## What is expected
Pictures stay out of this copy; please retype only the lines from the start of the records through the line with "Bộ ghế nail".

--- --- ---

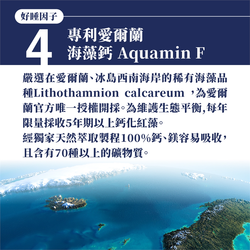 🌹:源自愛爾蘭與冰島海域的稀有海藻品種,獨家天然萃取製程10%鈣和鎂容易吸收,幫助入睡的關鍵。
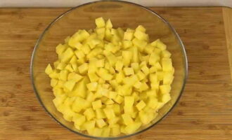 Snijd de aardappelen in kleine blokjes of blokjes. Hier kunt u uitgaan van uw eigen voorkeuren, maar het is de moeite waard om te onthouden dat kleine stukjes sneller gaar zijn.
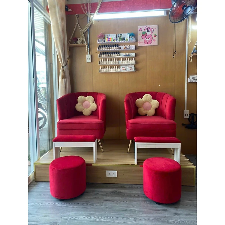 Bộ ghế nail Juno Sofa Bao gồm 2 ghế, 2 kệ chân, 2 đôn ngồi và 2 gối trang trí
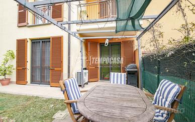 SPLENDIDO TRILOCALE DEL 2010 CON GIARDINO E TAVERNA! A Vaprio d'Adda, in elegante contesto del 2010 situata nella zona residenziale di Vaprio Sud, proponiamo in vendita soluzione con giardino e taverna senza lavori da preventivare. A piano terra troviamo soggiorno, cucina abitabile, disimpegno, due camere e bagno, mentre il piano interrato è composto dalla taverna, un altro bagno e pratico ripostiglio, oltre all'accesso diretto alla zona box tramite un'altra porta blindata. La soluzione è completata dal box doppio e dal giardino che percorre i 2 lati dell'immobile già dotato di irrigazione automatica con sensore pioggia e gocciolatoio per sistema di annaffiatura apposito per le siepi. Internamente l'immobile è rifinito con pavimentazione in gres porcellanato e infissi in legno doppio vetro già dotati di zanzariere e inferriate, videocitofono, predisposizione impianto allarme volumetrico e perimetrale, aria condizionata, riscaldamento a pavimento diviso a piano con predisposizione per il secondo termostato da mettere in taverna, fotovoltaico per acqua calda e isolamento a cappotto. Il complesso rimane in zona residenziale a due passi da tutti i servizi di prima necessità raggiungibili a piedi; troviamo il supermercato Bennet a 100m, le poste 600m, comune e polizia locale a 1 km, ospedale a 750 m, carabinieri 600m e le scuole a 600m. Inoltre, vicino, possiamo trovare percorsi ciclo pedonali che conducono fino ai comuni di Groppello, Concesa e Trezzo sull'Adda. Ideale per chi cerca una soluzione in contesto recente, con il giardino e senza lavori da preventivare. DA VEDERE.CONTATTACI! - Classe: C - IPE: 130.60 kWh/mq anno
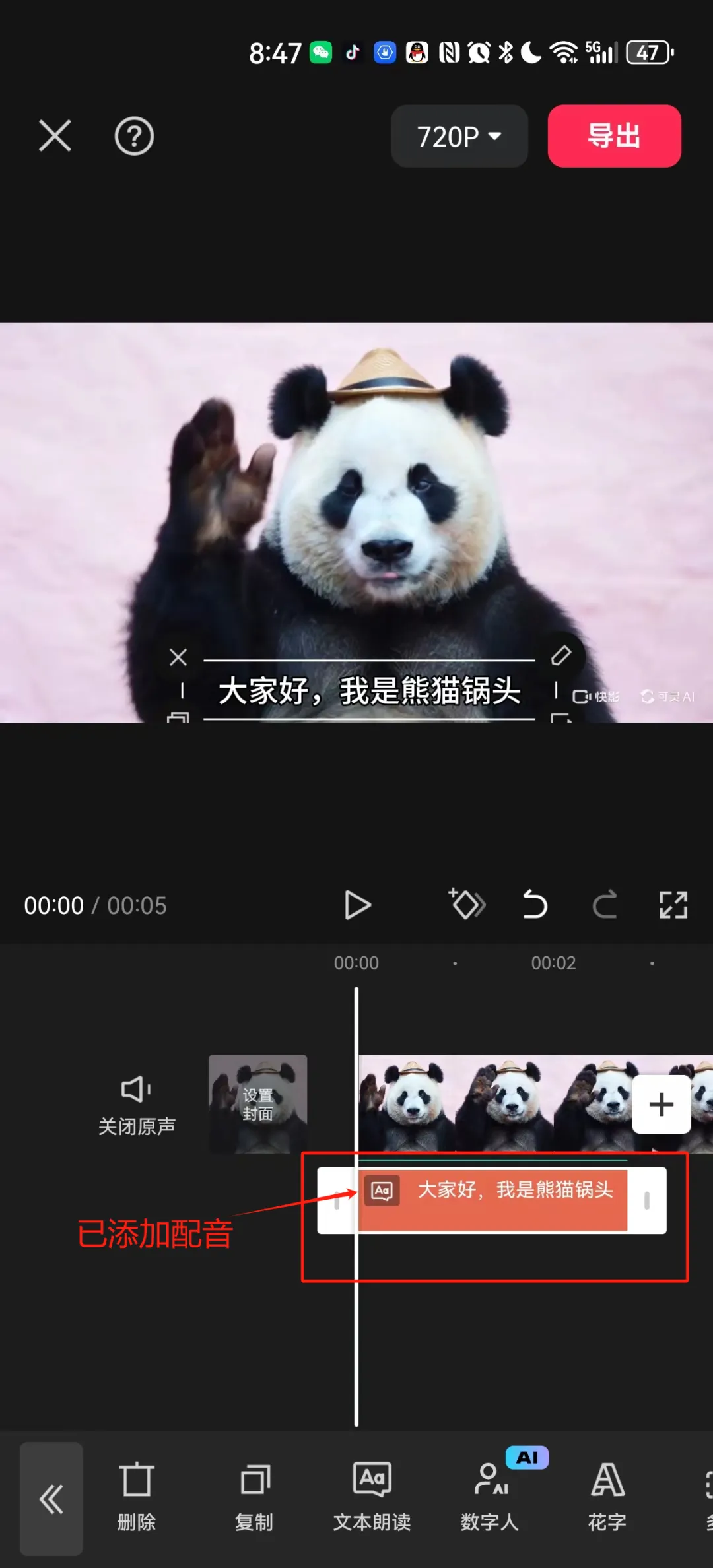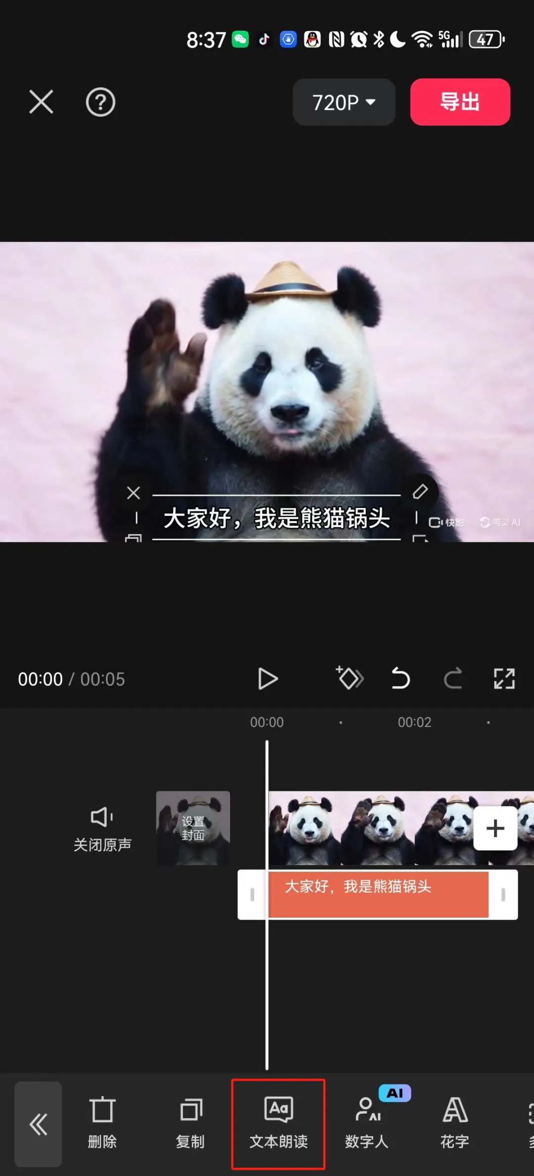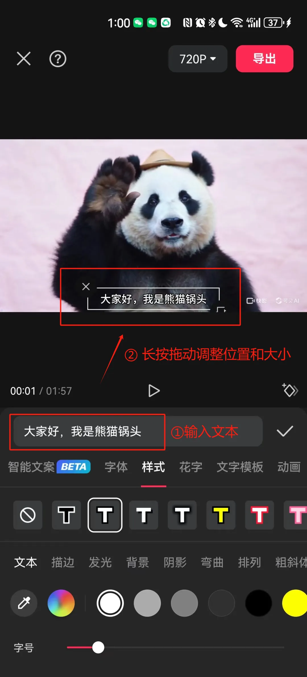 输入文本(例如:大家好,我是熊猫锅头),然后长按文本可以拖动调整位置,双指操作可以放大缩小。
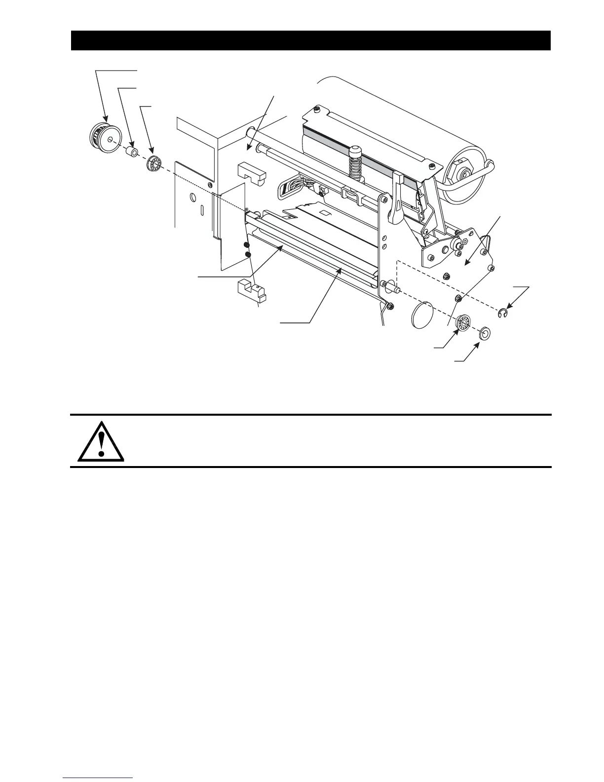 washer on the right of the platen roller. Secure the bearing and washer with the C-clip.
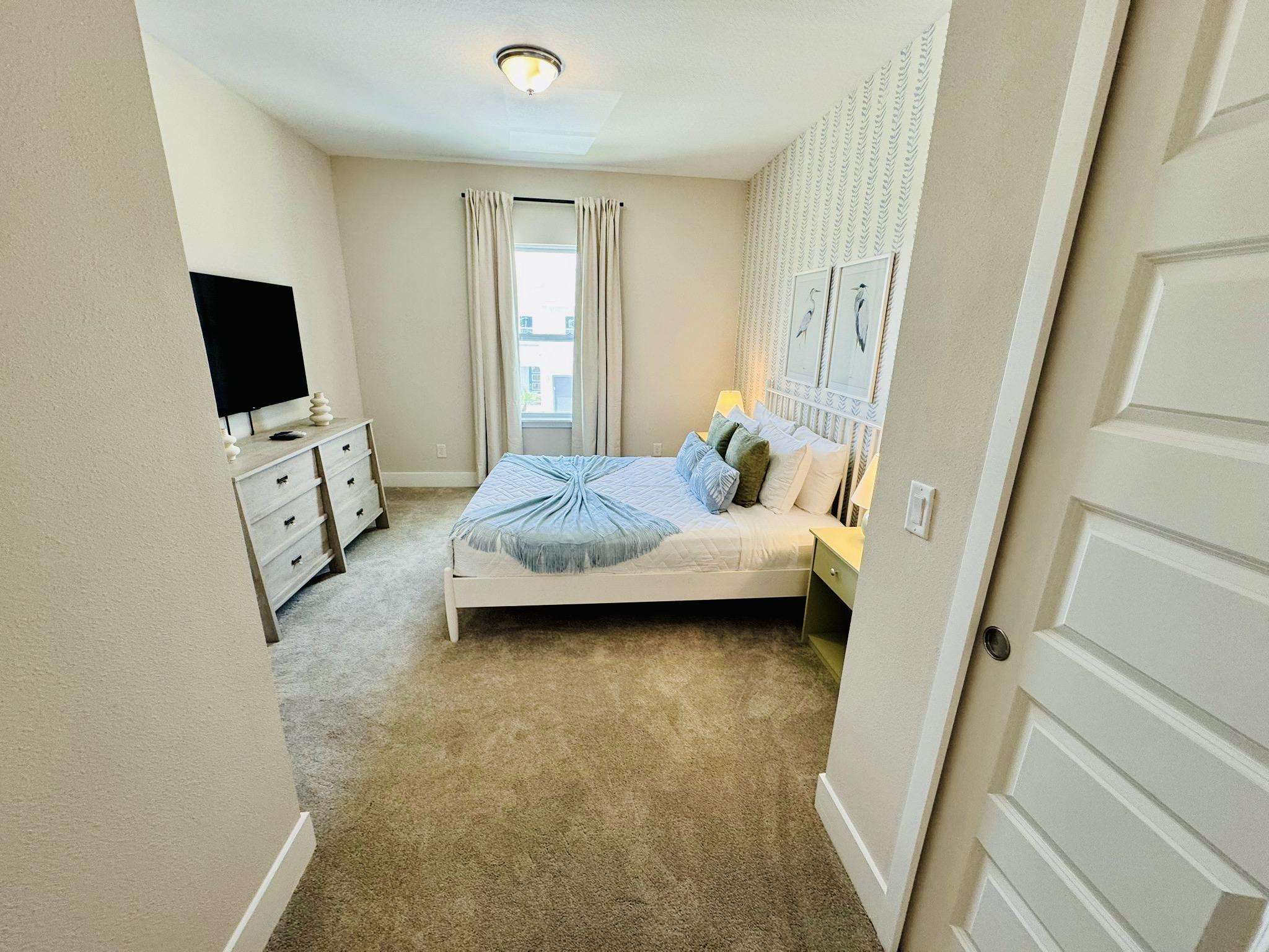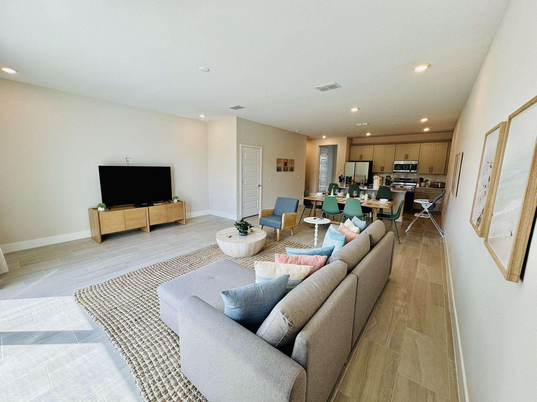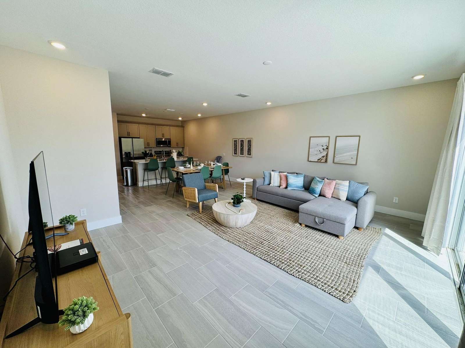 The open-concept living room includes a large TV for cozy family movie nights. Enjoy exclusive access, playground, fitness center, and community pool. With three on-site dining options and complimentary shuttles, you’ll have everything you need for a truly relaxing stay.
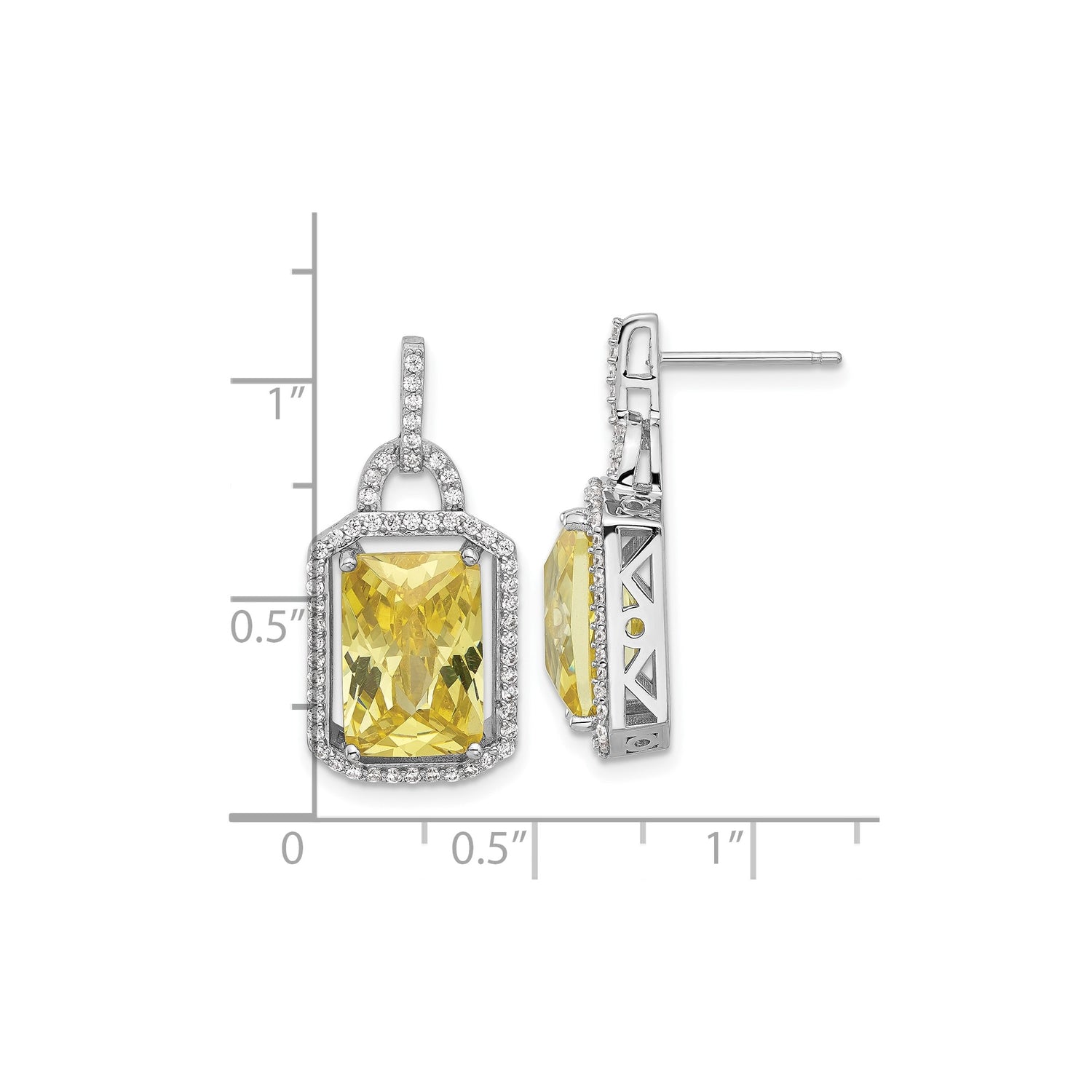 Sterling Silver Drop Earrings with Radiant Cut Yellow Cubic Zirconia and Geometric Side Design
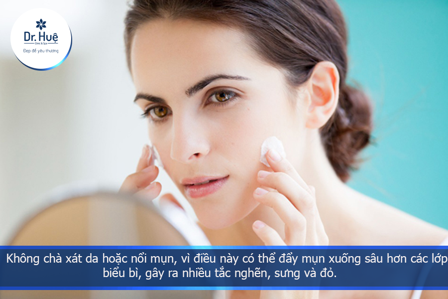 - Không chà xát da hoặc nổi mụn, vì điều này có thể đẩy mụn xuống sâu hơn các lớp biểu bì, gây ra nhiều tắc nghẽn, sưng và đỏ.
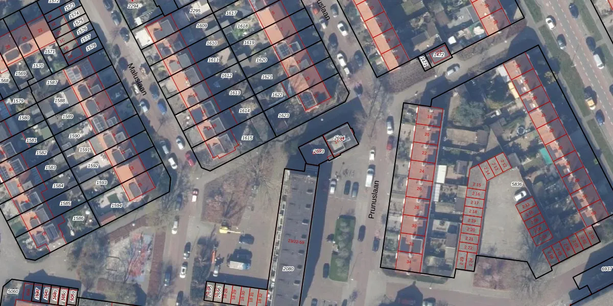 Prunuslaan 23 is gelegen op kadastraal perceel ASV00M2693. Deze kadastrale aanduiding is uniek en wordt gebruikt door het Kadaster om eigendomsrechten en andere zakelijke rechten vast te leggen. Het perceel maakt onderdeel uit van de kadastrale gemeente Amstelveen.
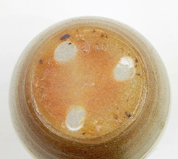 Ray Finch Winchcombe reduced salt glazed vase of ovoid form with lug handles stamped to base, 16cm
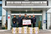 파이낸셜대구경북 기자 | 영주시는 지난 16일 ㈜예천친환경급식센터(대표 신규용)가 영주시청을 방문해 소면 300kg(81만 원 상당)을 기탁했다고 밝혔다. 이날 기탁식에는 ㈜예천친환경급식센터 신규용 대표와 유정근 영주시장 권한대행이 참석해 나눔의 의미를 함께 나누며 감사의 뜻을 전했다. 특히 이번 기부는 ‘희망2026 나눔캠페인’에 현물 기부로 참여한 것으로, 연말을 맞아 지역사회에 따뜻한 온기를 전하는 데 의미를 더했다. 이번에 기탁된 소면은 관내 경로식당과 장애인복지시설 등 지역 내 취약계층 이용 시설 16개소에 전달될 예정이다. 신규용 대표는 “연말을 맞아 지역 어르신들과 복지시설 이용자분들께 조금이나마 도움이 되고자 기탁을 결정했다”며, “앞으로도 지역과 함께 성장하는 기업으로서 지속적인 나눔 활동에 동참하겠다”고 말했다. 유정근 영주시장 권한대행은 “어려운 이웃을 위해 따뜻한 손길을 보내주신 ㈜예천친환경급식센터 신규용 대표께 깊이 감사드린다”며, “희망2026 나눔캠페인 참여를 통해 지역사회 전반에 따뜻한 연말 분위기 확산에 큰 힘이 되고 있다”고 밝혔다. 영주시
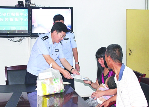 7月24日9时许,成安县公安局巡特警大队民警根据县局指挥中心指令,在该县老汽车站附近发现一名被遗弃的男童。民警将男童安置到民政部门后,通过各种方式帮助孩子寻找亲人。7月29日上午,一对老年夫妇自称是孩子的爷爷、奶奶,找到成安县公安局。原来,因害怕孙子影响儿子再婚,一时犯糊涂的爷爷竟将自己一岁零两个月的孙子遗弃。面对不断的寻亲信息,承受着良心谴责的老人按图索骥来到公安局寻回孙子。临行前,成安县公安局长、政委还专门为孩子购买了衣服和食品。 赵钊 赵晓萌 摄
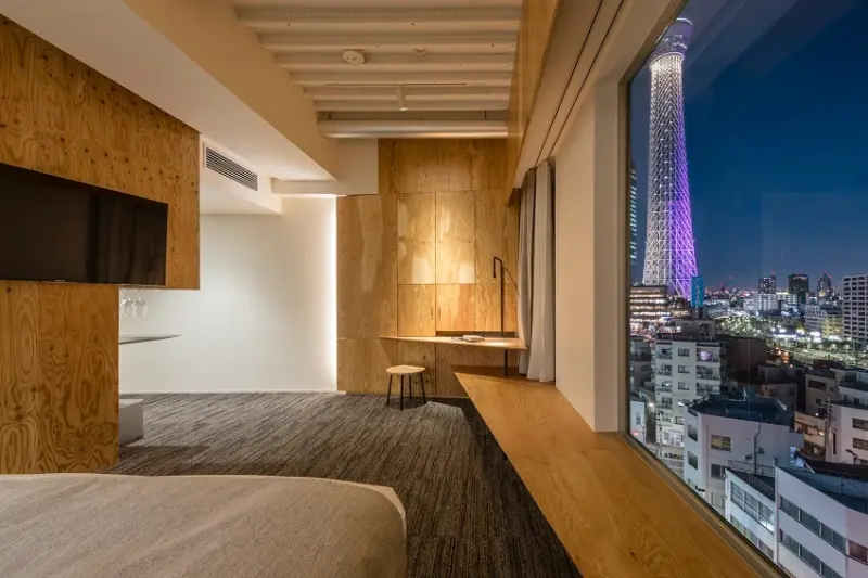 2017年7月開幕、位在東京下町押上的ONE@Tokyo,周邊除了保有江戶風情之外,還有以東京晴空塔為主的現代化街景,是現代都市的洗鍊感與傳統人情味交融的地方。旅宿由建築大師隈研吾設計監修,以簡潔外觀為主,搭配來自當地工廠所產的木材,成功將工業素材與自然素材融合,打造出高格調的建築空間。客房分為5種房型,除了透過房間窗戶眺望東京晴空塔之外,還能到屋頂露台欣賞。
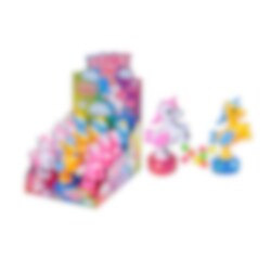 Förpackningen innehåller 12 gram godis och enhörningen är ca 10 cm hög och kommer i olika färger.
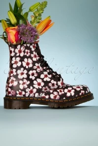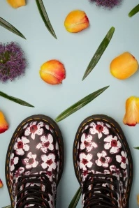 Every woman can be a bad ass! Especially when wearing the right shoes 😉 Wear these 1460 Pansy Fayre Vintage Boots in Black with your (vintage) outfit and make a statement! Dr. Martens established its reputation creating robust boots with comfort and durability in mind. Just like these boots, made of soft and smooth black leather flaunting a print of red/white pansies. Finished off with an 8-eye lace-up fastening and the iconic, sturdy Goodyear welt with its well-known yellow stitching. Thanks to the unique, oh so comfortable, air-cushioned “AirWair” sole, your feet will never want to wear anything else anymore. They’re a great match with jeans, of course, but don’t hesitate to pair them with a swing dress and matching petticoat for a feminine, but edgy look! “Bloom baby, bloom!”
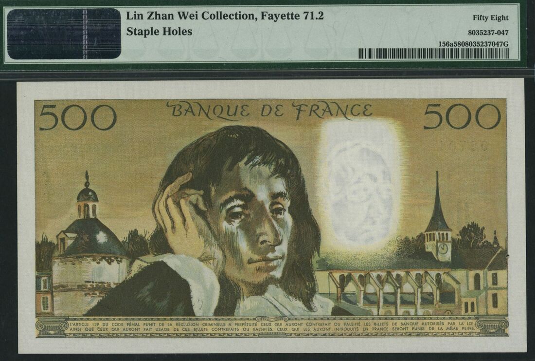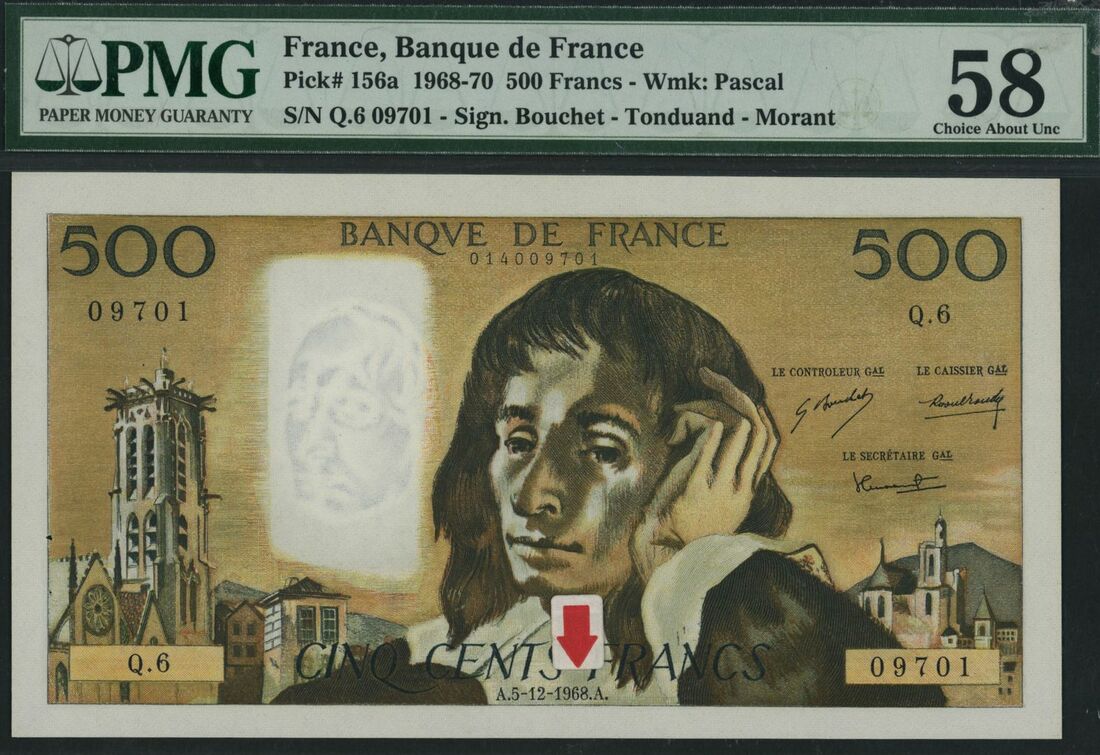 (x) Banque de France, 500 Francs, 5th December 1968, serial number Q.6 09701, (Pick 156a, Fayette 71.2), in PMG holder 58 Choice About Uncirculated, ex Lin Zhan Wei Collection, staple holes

--- --- ---

## Written response
 🌹:源自愛爾蘭與冰島海域的稀有海藻品種,獨家天然萃取製程10%鈣和鎂容易吸收,幫助入睡的關鍵。
 Snijd de aardappelen in kleine blokjes of blokjes. Hier kunt u uitgaan van uw eigen voorkeuren, maar het is de moeite waard om te onthouden dat kleine stukjes sneller gaar zijn.
 Bộ ghế nail Juno Sofa Bao gồm 2 ghế, 2 kệ chân, 2 đôn ngồi và 2 gối trang trí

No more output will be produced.